CIR v. T Shuttle Services
G.R. No. 240729, August 24, 2020
Laws and Regulations: Sec. 228 of the NIRC, Section 3 of RR 12-99, RMO 40-2019
Doctrine: Limitation on Presumption of Registered Mail
• July 15, 2009: CIR issued to respondent a Letter of Notice (LN) No. 057-RLF-07-00-00047 informing it of the discrepancy found after comparing its tax returns for CY 2007 with the RELIEF and Third-Party Matching under the Tax Reconciliation System
• July 24, 2009: LN was received and signed by a certain Malou Bohol
• January 12, 2010: CIR issued Letter of Authority (LOA) No. 200800044533 AND nic
• March 29, 2010: CIR issued a PAN for IT and VAT
• July 20, 2010: CIR issued a FAN for IT and VAT
• November 28, 2012: RDO issued a PCL requesting respondent to pay the assessed tax liability within 10 days from notice
• January 23, 2013: RDO issued a FNBS giving respondent the last opportunity to settle its tax liability within 10 days from notice
• March 20, 2013: T Shuttle sent a letter to the RDO and the collection officers stating that: (1) it is not aware of any pending liability for CY 2007 (2) Mr. B. Benitez, who signed and received the preliminary notices, was a disgruntled rank-and-file employee not authorized to receive the notices; and (3) Mr. B. Benitez did not forward the notices to it. It also requested a grace period of 1 month to review its documents.
• April 2, 2013: RDO denied the requested 1-month grace period.
• April 19, 2013: T Shuttle protested the FNBS: (1) not liable for IT (2) exemp from VAT as common carrier (3) service of the NIC was invalid (4) did not receive the PAN and FAN prior to the issuance of the FNBS.
• April 23, 2013: constructively served with WDL
• May 2, 2013: filed a Petition for Review (With Prayer for Preliminary Injunction and Issuance of a Temporary Restraining Order) with the CTA
• August 22, 2013: CIR prayed for the denial of the petition for review (1) due process was observed (2) failed to timely protest FAN and to submit within the prescribed period of 60 days supporting documents (3) presumption of the propriety and exactness of tax assessments
• CTA Division: granted
• MR of CIR in CTA Division: denied
• CTA En Banc: affirmed the ruling of the CTA Division that the CIR failed to prove that the PAN and the FAN were properly and duly served upon and received by T Shuttle and failure to demand payment of the taxes due within a specific period
ISSUES:
1. W/N Due Process Observed
2. W/N FAN is void for not containing definite due date
HELD: petition for review on certiorari is DENIED
1. NO.
• As can be gleaned from the above provisions (due process requirement in Section 228 of the NIRC, Section 3 of RR 12-99 dated September 6, 1999), service of the PAN or the FAN to the taxpayer may be made by registered mail. Under Section 3(v), Rule 131 of the Rules of Court, there is a disputable presumption that "a letter duly directed and mailed was received in the regular course of the mail." However, the presumption is subject to controversion and direct denial, in which case the burden is shifted to the party favored by the presumption to establish that the subject mailed letter was actually received by the addressee.

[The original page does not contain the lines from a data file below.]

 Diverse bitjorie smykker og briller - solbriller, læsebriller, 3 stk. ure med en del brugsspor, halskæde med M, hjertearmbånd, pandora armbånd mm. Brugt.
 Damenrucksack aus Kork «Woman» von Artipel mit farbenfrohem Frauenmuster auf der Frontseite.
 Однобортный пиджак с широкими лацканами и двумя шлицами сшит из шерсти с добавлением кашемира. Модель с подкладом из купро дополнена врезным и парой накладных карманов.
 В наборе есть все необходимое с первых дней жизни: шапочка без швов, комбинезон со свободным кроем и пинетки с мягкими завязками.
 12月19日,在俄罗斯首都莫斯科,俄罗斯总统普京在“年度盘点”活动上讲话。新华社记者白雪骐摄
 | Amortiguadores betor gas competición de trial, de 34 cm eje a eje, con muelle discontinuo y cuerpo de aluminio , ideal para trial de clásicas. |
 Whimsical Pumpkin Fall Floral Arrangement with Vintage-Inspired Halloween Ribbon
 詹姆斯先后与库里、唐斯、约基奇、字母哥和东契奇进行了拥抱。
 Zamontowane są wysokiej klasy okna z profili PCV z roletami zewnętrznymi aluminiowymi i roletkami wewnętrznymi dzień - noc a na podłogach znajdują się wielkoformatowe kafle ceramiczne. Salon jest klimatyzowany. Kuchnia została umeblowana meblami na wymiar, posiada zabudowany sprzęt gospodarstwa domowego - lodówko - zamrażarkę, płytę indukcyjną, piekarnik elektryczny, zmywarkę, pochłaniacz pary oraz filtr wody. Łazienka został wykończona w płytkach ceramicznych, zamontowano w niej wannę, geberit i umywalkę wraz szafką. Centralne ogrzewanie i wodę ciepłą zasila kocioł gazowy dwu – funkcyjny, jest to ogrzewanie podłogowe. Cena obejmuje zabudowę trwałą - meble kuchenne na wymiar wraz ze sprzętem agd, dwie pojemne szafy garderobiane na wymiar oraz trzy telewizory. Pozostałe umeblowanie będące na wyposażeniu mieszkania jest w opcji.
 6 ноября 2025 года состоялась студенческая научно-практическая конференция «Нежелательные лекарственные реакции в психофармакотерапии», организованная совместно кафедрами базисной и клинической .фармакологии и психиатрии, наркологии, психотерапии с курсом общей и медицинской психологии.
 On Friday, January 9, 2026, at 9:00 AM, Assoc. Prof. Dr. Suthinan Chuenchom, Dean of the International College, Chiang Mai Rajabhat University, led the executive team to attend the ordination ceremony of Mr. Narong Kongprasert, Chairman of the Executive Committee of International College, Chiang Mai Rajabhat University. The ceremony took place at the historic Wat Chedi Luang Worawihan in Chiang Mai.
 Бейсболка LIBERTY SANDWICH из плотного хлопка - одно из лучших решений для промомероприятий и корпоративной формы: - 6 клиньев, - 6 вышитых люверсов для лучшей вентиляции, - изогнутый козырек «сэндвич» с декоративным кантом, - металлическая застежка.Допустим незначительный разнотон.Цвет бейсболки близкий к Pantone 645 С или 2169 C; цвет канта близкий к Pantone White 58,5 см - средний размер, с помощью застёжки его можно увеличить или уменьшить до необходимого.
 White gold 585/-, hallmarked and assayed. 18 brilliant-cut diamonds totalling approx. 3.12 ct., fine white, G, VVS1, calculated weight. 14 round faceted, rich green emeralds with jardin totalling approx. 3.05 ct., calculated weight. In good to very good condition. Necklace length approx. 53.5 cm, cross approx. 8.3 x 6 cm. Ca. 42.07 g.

• In view of respondent's categorical denial of due receipt of the PAN and the FAN, the burden was shifted to the CIR to prove that the mailed assessment notices were indeed received by respondent or by its authorized representative. As ruled by the CTA En Banc, the CIR's mere presentation of Registry Receipt Nos. 5187 and 2581 was insufficient to prove respondent's receipt of the PAN and the FAN. It held that the witnesses for the CIR failed to identify and authenticate the signatures appearing on the registry receipts; thus, it cannot be ascertained whether the signatures appearing in the documents were those of respondent's authorized representatives. It further noted that Revenue Officer Joseph V. Galicia (Galicia), the CIR's witness, had in fact admitted during cross-examination that he was uncertain whether the PAN and FAN were actually received by respondent.
• As can be gleaned from RMO 40-2019 dated May 30, 2019, a detailed record of all assessment notices issued by the CIR is required. Notably, among the details to be recorded by the Chief of the Assessment Division or the Head of the Reviewing Office are the "[n]ame of [t]axpayer/[p]erson who received the assessment notice" and, more importantly, the "[p]osition/designation/relationship to the taxpayer, if not served to the taxpayer named in the assessment notice." While RMO 40-2019 was not yet in force at the time the questioned PAN and FAN in the case were issued, the fact of such subsequent issuance of RMO 40-2019 by the CIR gives the Court all the more reason to affirm, if only for consistency and uniformity, the CTA En Banc's finding.
2. Yes. Question of fact which this Court will not entertain in the present appeal under Rule 45.